EU Leaders, Stop the Warmongering!
By Florina Tufescu
The most recent poll commissioned by the European Council for Foreign Relations (an influential think tank that employs numerous leading politicians, EU officials, and former NATO secretaries general) shows that 41% of European citizens would prefer for Europe to put pressure on Ukraine to engage in negotiations with Russia, as compared to 31% who favour continued military support. Yet the conclusion of the poll analysis, coauthored by the director of ECFR, is not that European leaders should pay any attention to citizens’ views, but simply that they need to repackage and refine their message, stressing the preferability of the “durable peace” to be achieved through continued fighting over the actual peace that could be achieved right now through negotiations.
We know from the head of the Ukrainian delegation and leader of the Servant of the People’s Party David Arahamiya that Russian negotiators “were ready to end the war if we took – as Finland once did – neutrality.” This was rejected due to the lack of security guarantees and on the grounds that the intention of joining NATO was written into Ukraine’s Constitution. A subsequent round of peace talks in April 2022 was allegedly sabotaged by the UK and the U.S. according to multiple sources, which once again include the Ukrainian spokesman.
No peace negotiations have been attempted since, probably because the risk of their succeeding has been too great. The war needs to go on to justify the expansion of the U.S. and EU military industries. Total military spending by NATO, which is supposedly a ‘defensive’ alliance, has reached an all-time high of USD 1,100 billion in 2023 while military spending by Central and Western European countries as self-declared champions of democracy and peace is also at its highest ever, i.e. USD 345 billion already in 2022 according to SIPRI. By comparison, Russia, a dictatorship that is directly involved in war, spent USD 86.4 billion on the military in 2022 according to SIPRI.
The war in Ukraine has already resulted in hundreds of thousands of lives lost since February 2022, millions of refugees and 30% of Ukrainian territory contaminated by mines. This tragedy cannot be allowed to continue purely to justify the growth of the weapons industry, which EU leaders now seem determined to make a key one, with Internal Market Commissioner Thierry Breton asking for another EUR 100 billion of military funding on top of all the existing commitments at EU level and at the national level by the European countries that are also NATO members. Much like the grieving walrus of Lewis Carroll’s poem, the EU and NATO leaders put on their gravest faces in stressing the inevitability of war preparations while in fact doing nothing to reduce the conflict and being nonchalant about the risk of nuclear escalation.

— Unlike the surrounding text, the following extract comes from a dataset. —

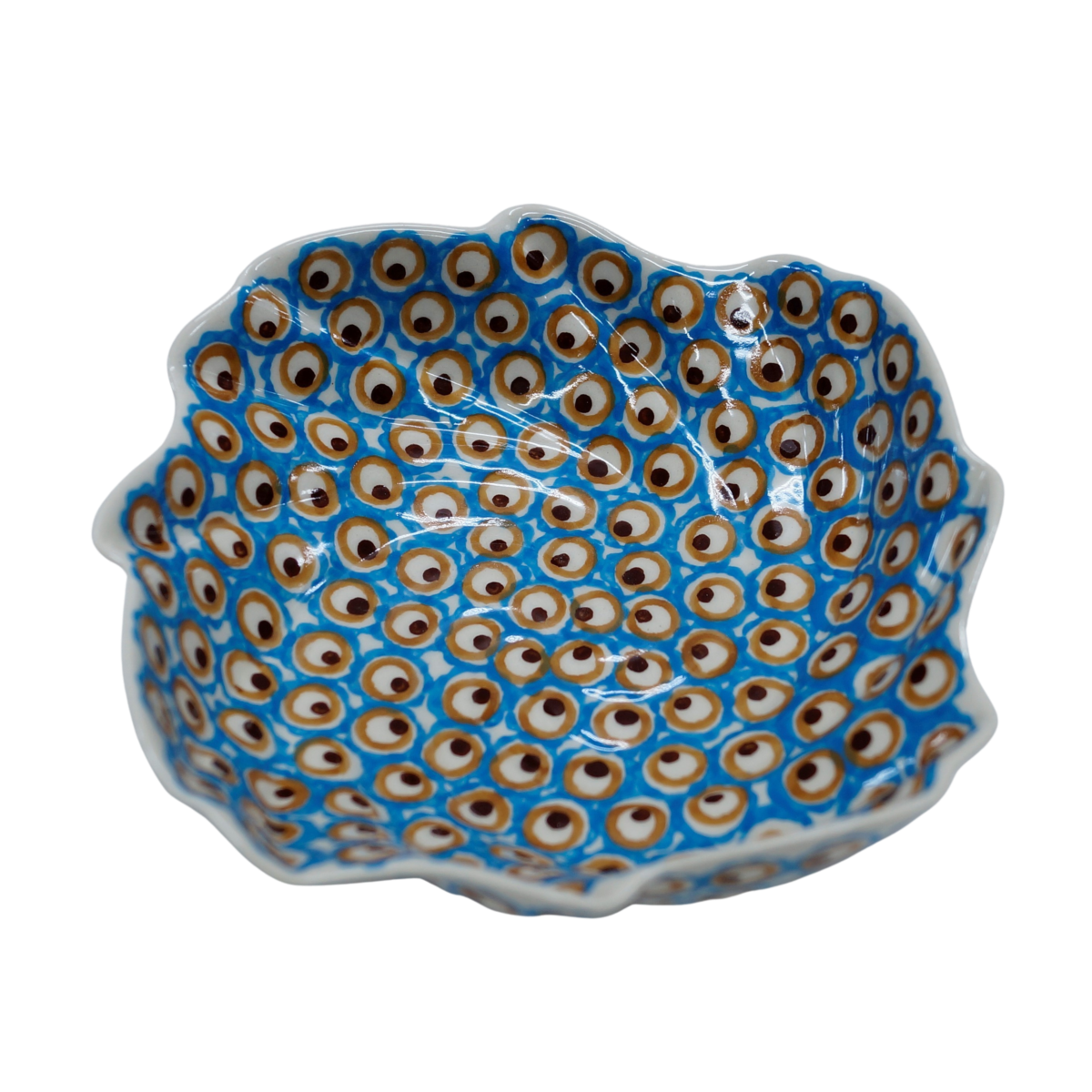 Niech Twoja potrawa będzie podana pięknie i smakuje wykwitnie dzięki artystycznym naczyniom ceramiki Bolesławieckiej z rodzinnej manufaktury, CERAMIKA ANDY. Miska jest ręcznie malowana i wyprodukowana z oryginalnej kamionki bolesławieckiej. Znakomicie nadaje się do podawania i przechowywania. Spisze się znakomicie jako naczynie do owoców, warzyw, słodyczy.

The possibilities for ending the war are already known and were discussed in the Minsk agreements and in the Istanbul peace negotiations. They would have to include Ukraine’s neutrality and the guarantee of Russian minority rights in Ukraine, which would be a far more effective means of undoing Putin’s influence than the sending of additional weapons.
In addition, the EU should support conscientious objectors from Russia, Ukraine and Belarus. The right to conscientious objection, upheld by article 9 of the European Convention on Human Rights and by article 18 of the Universal Declaration of Human Rights, is not currently recognised by Ukraine and, albeit legally recognised in Russia for non-military personnel, it is disrespected in approximately 50% of cases according to the European Bureau for Conscientious Objection. Fewer than 10,000 of the estimated 250,000 Russians who have fled their homeland to avoid conscription have been granted asylum in the EU, despite the appeal made by 60 organisations already in June 2022 (EBCO annual report, p. 3). So this path to peace has not been pursued, presumably because refugees put a strain on the economy without profiting any powerful clique, whereas the military industry is highly profitable for certain people and exerts an ever greater influence on EU policies, as revealed in the Fanning the Flames report published by the Transnational Institute and the European Network Against Arms Trade and in the ENAAT report “From war lobby to war economy“.
It is high time for EU leaders to recover some shred of credibility by showing they are willing to make at least a modest investment in peace and peace negotiations in parallel with the unprecedented investment in war preparations. It is high time for EU leaders to place the interests of European citizens and of human beings in general ahead of those of the weapons industry.